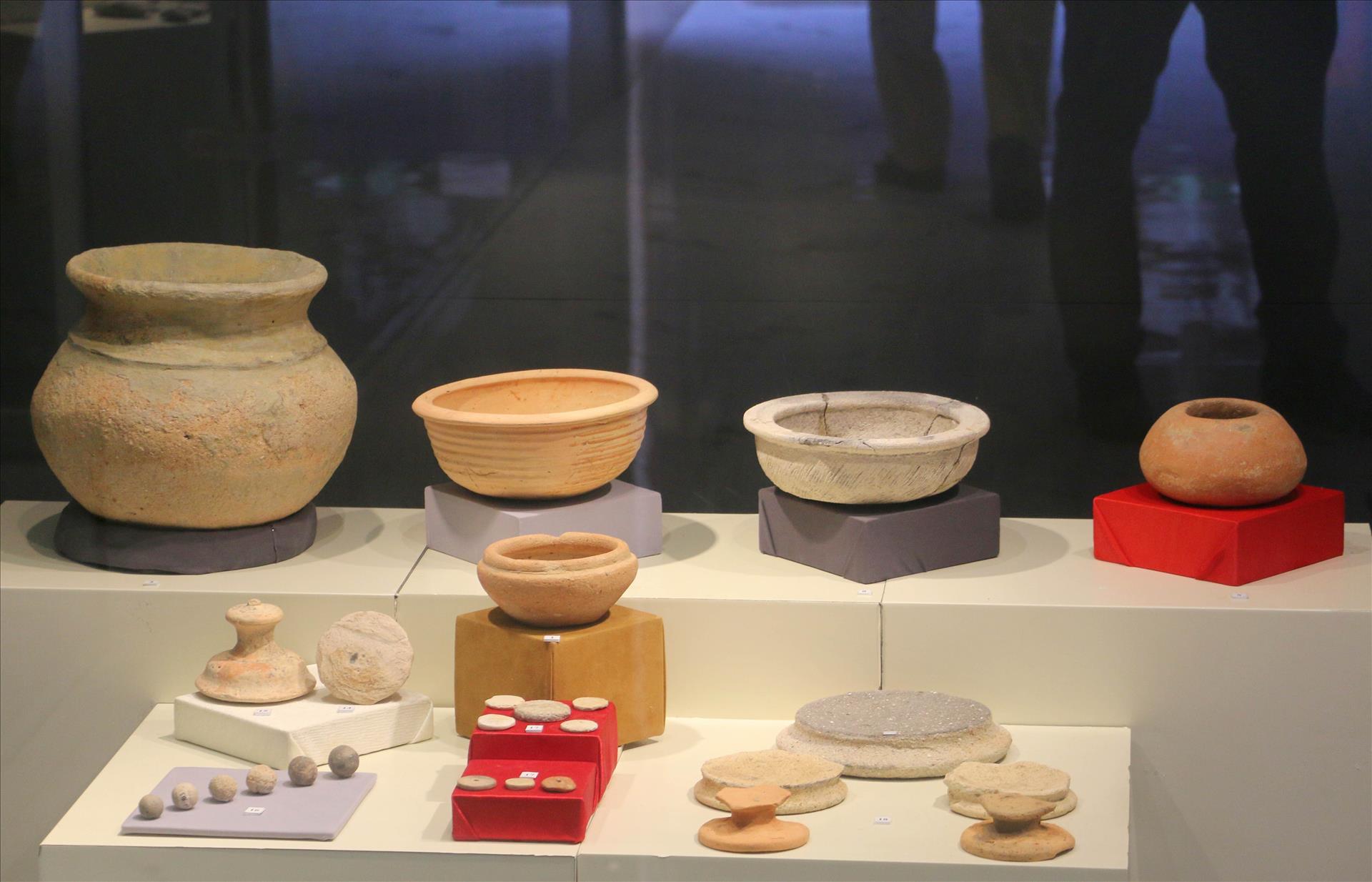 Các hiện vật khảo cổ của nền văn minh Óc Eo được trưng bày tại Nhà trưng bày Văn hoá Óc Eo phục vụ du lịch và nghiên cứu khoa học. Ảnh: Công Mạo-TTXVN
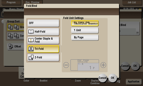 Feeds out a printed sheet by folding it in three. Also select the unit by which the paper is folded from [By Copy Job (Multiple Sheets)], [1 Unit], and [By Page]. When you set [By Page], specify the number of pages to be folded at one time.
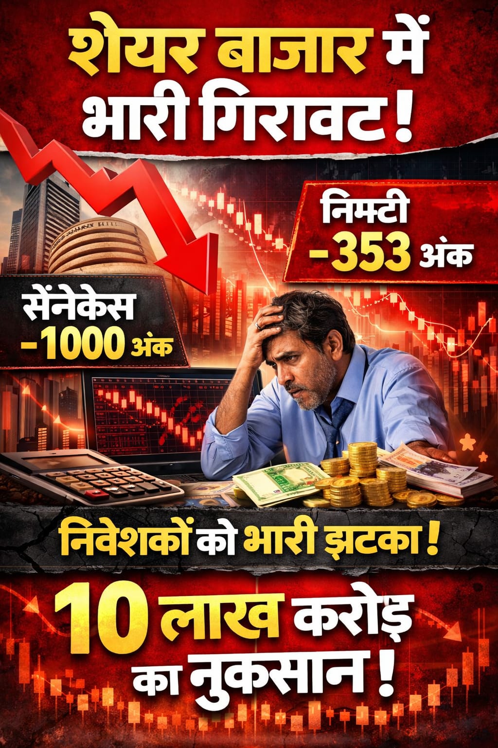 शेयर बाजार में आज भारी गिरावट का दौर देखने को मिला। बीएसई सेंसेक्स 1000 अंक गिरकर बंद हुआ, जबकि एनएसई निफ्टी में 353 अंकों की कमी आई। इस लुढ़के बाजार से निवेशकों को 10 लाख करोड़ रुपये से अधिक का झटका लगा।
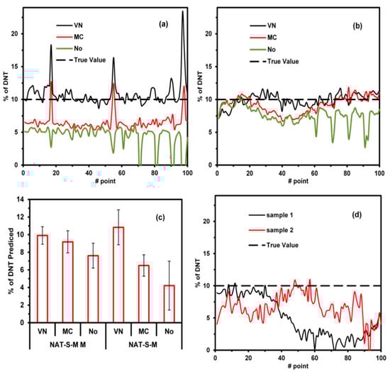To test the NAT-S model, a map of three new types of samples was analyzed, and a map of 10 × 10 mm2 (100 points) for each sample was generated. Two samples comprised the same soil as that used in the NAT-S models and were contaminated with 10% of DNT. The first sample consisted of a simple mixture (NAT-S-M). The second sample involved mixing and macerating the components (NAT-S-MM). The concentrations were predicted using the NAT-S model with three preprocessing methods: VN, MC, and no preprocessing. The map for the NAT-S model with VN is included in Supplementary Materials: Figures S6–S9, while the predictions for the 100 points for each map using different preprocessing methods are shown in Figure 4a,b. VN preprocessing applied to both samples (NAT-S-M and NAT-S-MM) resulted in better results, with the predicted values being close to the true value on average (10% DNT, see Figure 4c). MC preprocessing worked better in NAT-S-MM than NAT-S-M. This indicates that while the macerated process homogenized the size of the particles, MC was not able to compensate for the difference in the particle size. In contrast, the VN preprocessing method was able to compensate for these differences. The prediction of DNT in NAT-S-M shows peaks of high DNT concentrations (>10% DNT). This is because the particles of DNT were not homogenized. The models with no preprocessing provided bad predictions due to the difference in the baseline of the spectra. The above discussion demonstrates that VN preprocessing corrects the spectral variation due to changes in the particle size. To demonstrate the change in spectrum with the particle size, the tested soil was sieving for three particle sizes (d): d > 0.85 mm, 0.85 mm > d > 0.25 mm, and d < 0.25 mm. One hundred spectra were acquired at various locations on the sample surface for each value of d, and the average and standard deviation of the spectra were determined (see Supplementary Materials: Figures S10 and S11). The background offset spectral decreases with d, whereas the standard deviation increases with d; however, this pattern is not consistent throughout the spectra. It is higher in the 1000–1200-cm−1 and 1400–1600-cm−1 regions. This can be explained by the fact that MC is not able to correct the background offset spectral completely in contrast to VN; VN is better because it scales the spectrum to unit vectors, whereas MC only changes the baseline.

————

> **Work to complete**
An exact copy of the whole listing is required, minus the pictures.

> **Expected output**
 Các hiện vật khảo cổ của nền văn minh Óc Eo được trưng bày tại Nhà trưng bày Văn hoá Óc Eo phục vụ du lịch và nghiên cứu khoa học. Ảnh: Công Mạo-TTXVN
 Feeds out a printed sheet by folding it in three. Also select the unit by which the paper is folded from [By Copy Job (Multiple Sheets)], [1 Unit], and [By Page]. When you set [By Page], specify the number of pages to be folded at one time.
 शेयर बाजार में आज भारी गिरावट का दौर देखने को मिला। बीएसई सेंसेक्स 1000 अंक गिरकर बंद हुआ, जबकि एनएसई निफ्टी में 353 अंकों की कमी आई। इस लुढ़के बाजार से निवेशकों को 10 लाख करोड़ रुपये से अधिक का झटका लगा।
To test the NAT-S model, a map of three new types of samples was analyzed, and a map of 10 × 10 mm2 (100 points) for each sample was generated. Two samples comprised the same soil as that used in the NAT-S models and were contaminated with 10% of DNT. The first sample consisted of a simple mixture (NAT-S-M). The second sample involved mixing and macerating the components (NAT-S-MM). The concentrations were predicted using the NAT-S model with three preprocessing methods: VN, MC, and no preprocessing. The map for the NAT-S model with VN is included in Supplementary Materials: Figures S6–S9, while the predictions for the 100 points for each map using different preprocessing methods are shown in Figure 4a,b. VN preprocessing applied to both samples (NAT-S-M and NAT-S-MM) resulted in better results, with the predicted values being close to the true value on average (10% DNT, see Figure 4c). MC preprocessing worked better in NAT-S-MM than NAT-S-M. This indicates that while the macerated process homogenized the size of the particles, MC was not able to compensate for the difference in the particle size. In contrast, the VN preprocessing method was able to compensate for these differences. The prediction of DNT in NAT-S-M shows peaks of high DNT concentrations (>10% DNT). This is because the particles of DNT were not homogenized. The models with no preprocessing provided bad predictions due to the difference in the baseline of the spectra. The above discussion demonstrates that VN preprocessing corrects the spectral variation due to changes in the particle size. To demonstrate the change in spectrum with the particle size, the tested soil was sieving for three particle sizes (d): d > 0.85 mm, 0.85 mm > d > 0.25 mm, and d < 0.25 mm. One hundred spectra were acquired at various locations on the sample surface for each value of d, and the average and standard deviation of the spectra were determined (see Supplementary Materials: Figures S10 and S11). The background offset spectral decreases with d, whereas the standard deviation increases with d; however, this pattern is not consistent throughout the spectra. It is higher in the 1000–1200-cm−1 and 1400–1600-cm−1 regions. This can be explained by the fact that MC is not able to correct the background offset spectral completely in contrast to VN; VN is better because it scales the spectrum to unit vectors, whereas MC only changes the baseline.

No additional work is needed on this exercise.